━━ SUPPLIED MATERIAL ━━

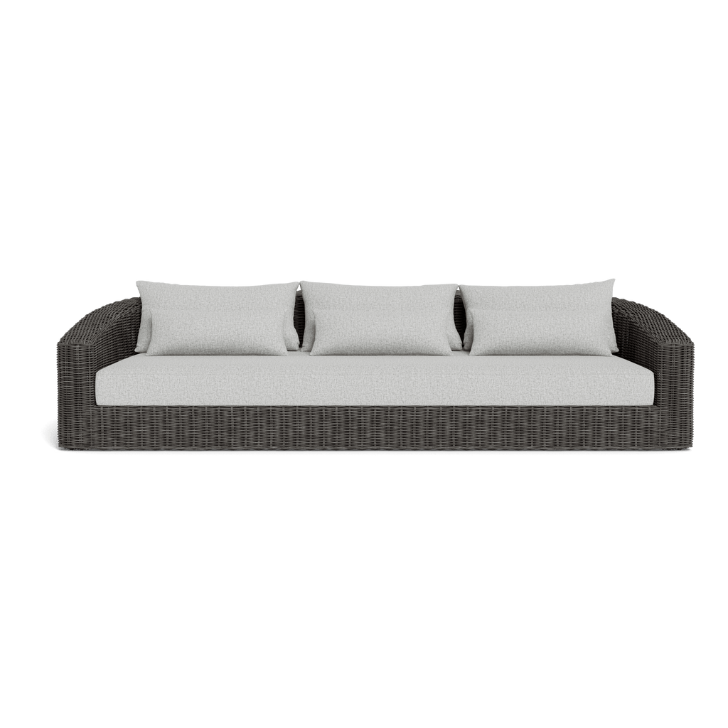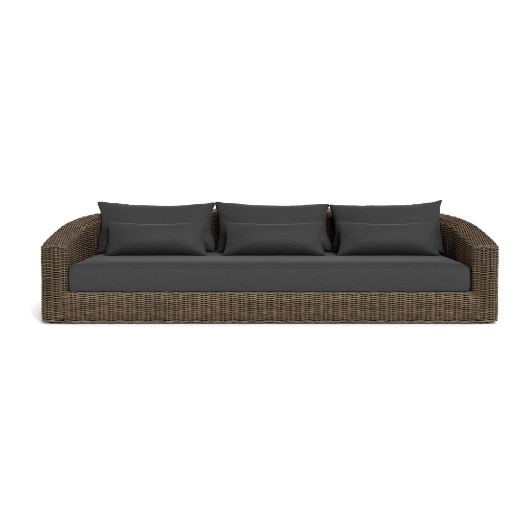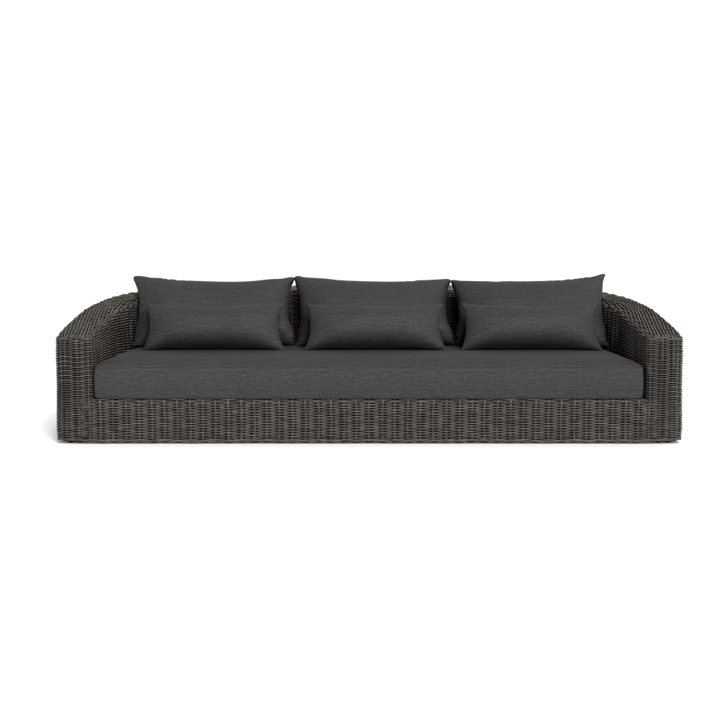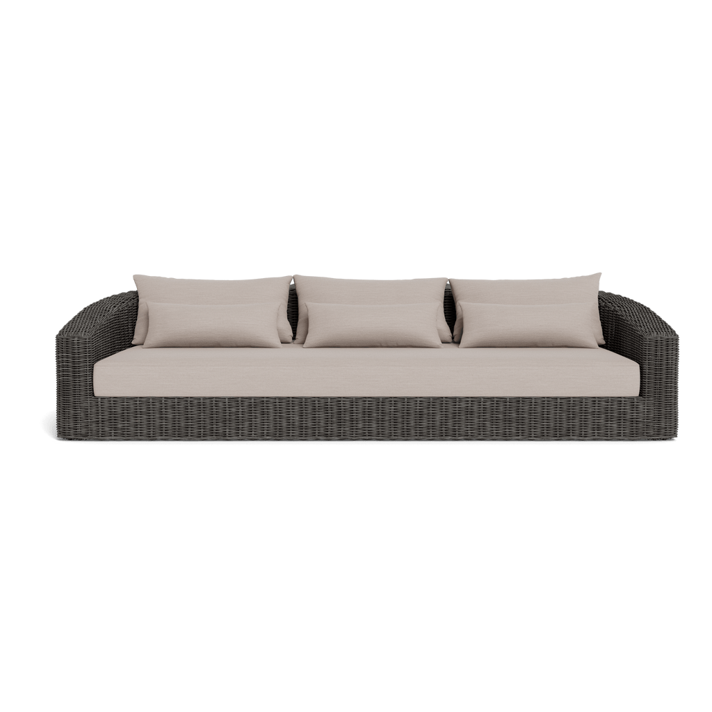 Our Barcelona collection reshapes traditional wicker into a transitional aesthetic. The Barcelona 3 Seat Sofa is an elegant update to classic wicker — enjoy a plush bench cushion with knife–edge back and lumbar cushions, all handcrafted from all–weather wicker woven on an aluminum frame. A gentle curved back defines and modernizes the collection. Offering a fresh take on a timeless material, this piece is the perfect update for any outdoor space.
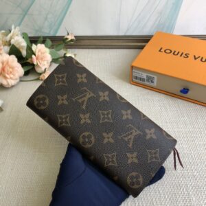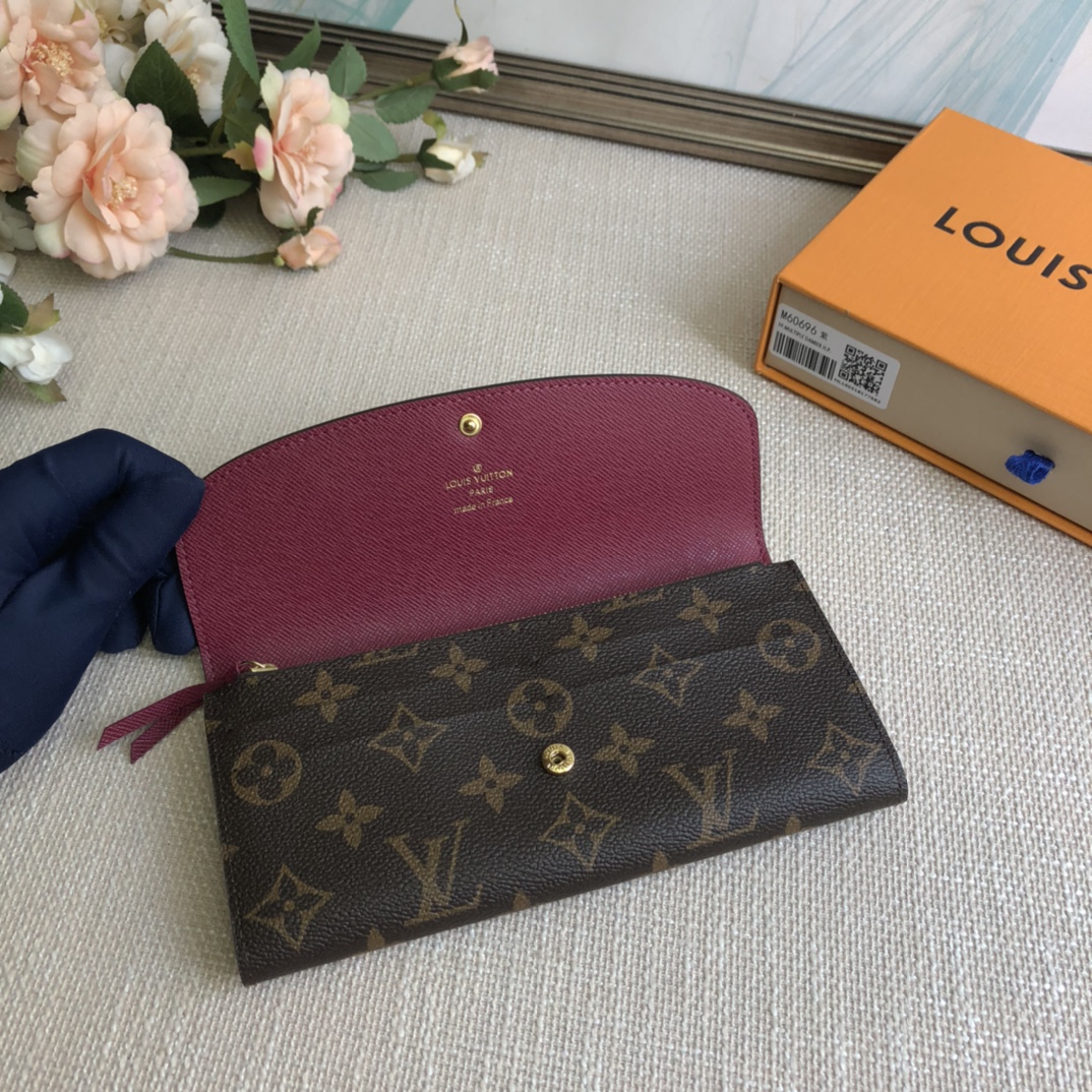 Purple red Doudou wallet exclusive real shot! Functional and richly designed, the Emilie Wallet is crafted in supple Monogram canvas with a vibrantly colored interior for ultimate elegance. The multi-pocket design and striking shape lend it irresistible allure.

━━━
━━ SUPPLIED MATERIAL ━━

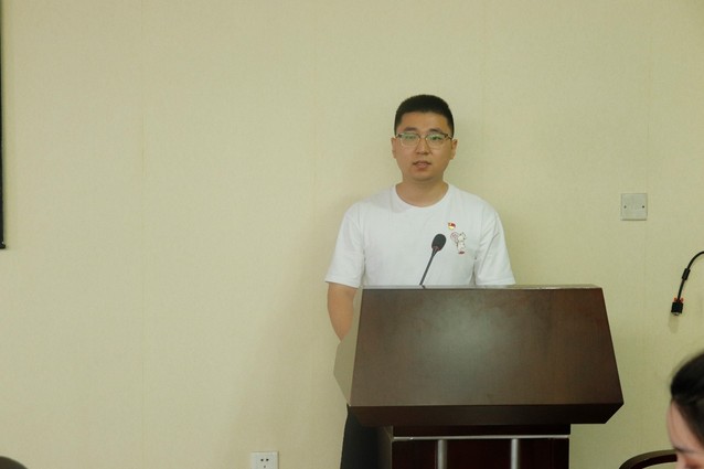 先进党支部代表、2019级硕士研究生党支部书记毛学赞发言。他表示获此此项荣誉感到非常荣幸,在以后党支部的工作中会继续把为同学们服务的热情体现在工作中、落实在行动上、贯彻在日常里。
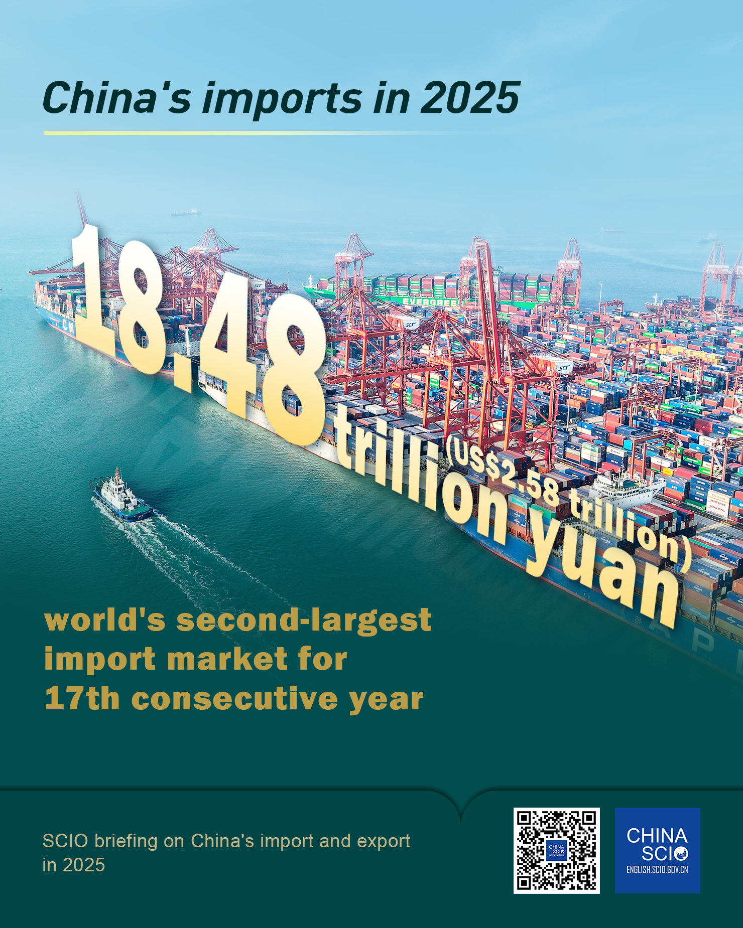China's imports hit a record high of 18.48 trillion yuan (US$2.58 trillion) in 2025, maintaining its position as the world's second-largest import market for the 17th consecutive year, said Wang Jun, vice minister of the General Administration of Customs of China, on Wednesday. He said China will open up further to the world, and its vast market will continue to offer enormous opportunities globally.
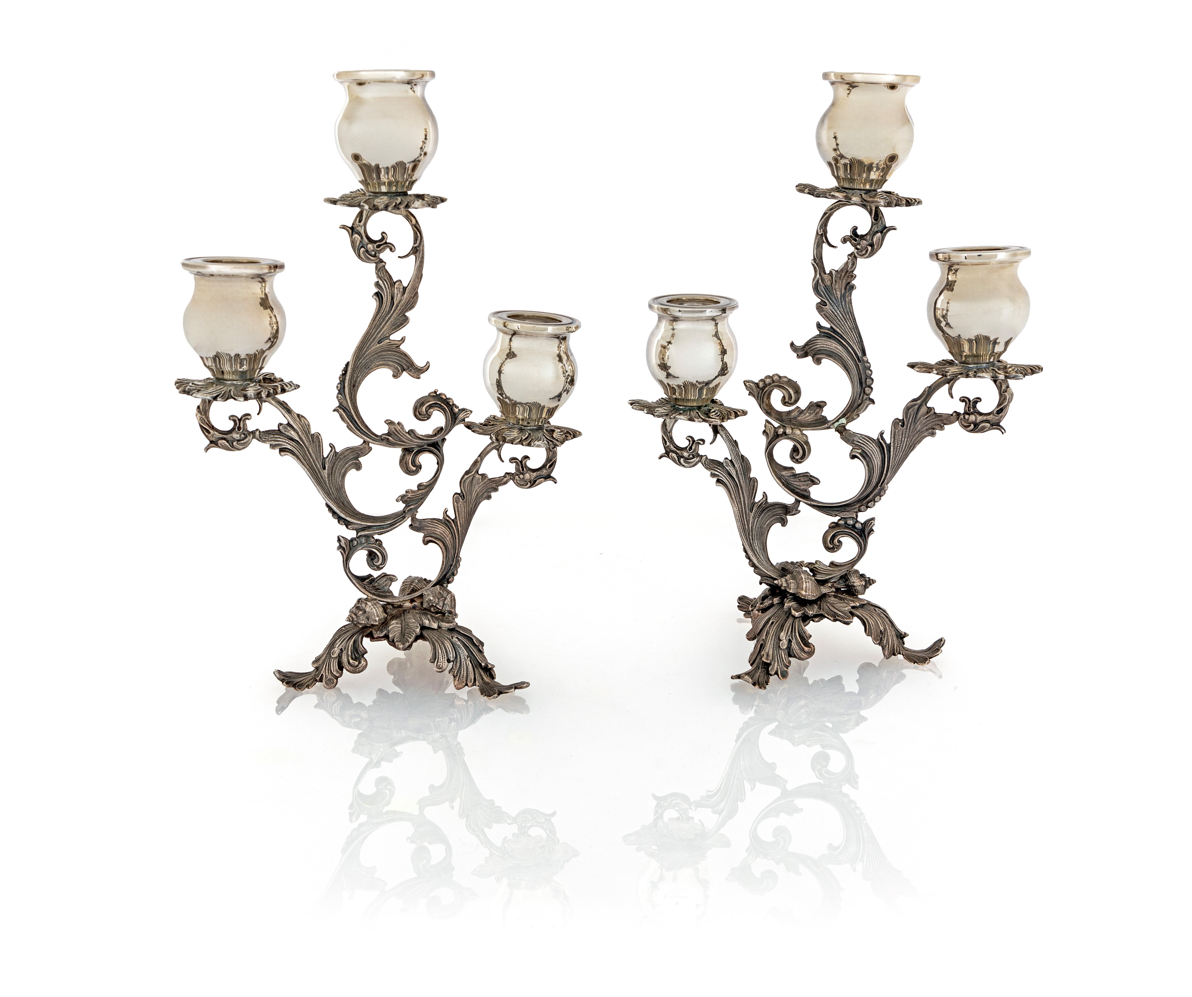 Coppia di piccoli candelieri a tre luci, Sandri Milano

━━━
━━ SUPPLIED MATERIAL ━━

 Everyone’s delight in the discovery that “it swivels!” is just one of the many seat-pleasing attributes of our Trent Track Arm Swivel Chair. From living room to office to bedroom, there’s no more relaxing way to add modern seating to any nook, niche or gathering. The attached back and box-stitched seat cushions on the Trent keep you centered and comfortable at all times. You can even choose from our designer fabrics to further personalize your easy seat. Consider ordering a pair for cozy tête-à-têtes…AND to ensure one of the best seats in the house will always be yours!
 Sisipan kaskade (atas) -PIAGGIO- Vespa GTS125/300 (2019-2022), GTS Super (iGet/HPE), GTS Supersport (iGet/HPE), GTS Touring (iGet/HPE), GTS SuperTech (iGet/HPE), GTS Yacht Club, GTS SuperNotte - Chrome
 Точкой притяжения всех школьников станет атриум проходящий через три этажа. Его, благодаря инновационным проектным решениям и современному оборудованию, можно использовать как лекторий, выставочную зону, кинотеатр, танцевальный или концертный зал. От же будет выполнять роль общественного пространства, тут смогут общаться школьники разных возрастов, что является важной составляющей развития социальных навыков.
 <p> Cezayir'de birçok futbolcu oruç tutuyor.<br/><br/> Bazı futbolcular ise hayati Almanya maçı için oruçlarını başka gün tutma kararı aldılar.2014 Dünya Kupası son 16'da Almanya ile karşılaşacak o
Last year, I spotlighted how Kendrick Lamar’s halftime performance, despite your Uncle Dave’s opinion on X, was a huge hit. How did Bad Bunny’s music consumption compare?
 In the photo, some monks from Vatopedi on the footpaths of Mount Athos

━━━

_TO DO:_
Using the data above, copy exactly the lines from the one containing "Our Barcelona collection" to the one containing "Purple red Doudou", inclusive. Exclude the pictures.

_OUTPUT OF THE TASK:_
 Our Barcelona collection reshapes traditional wicker into a transitional aesthetic. The Barcelona 3 Seat Sofa is an elegant update to classic wicker — enjoy a plush bench cushion with knife–edge back and lumbar cushions, all handcrafted from all–weather wicker woven on an aluminum frame. A gentle curved back defines and modernizes the collection. Offering a fresh take on a timeless material, this piece is the perfect update for any outdoor space.
 Purple red Doudou wallet exclusive real shot! Functional and richly designed, the Emilie Wallet is crafted in supple Monogram canvas with a vibrantly colored interior for ultimate elegance. The multi-pocket design and striking shape lend it irresistible allure.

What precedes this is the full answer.